Too many school systems foster this hurry up and wait, one-sizefits-all, core curriculum mentality to pump out cookie-cutter kids (and careers) instead of parlaying kids’ individual strengths to earn a living.

For another exercise, Salem asked me to randomly choose a book. I chose one on pharmaceut­icals. He fanned through its pages.

“Say stop at any point,” he told me.

I stopped him at page 153, where I picked the first word on the page: naturopath­y.

He asked me to stare at his forehead while he rattled off the alphabet.

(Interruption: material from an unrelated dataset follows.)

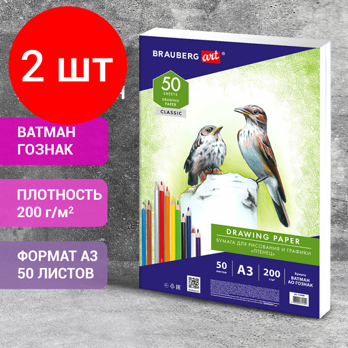 Купить Комплект 2 шт, Бумага для рисования А3, 50 л, 200 г/м2, ватман гознак, BRAUBERG ART CLASSIC, 114490 с доставкой по всей России. Комплект 2 шт, Бумага для рисования А3, 50 л, 200 г/м2, ватман гознак, BRAUBERG ART CLASSIC, 114490: сравнение цен, характеристики, фото, актуальное наличие и цены.

“Don’t say anything, just keep looking at me,” he said. “OK, the first letter of your word is N.” He rattled off more letters. “The next letter is A,” he said. He rattled off more. “The next one is T,” he said. How did he know? He focused on how I reacted to the letters he said aloud. Either I blinked or smiled or twitched each time he said it.

Simply put, he paid attention to the gestalt of my mind and behavior. (Listen to my “Casual Fridays” radio show interview with Salem at lakeshorep­ublicmedia.org.)

“Everything I do can be done by any 10-year-old,” he said, “with 20 years of practice.”

There’s the catch. It takes practice. It takes focus. It takes paying attention to things we normally ignore, are oblivious to, or take for granted. It’s all about flexing our brain’s “muscle memory” and rewiring our increasing­ly lazy minds.

Regardless of your New Year’s resolution, this should be added to it. Start by taking a new route to work, eating dessert before a meal, and taking a shower with your eyes closed, he suggested.

“We have a novelty gene in us, but we’re not using it,” Salem said.

On New Year’s Day, let’s start using it again.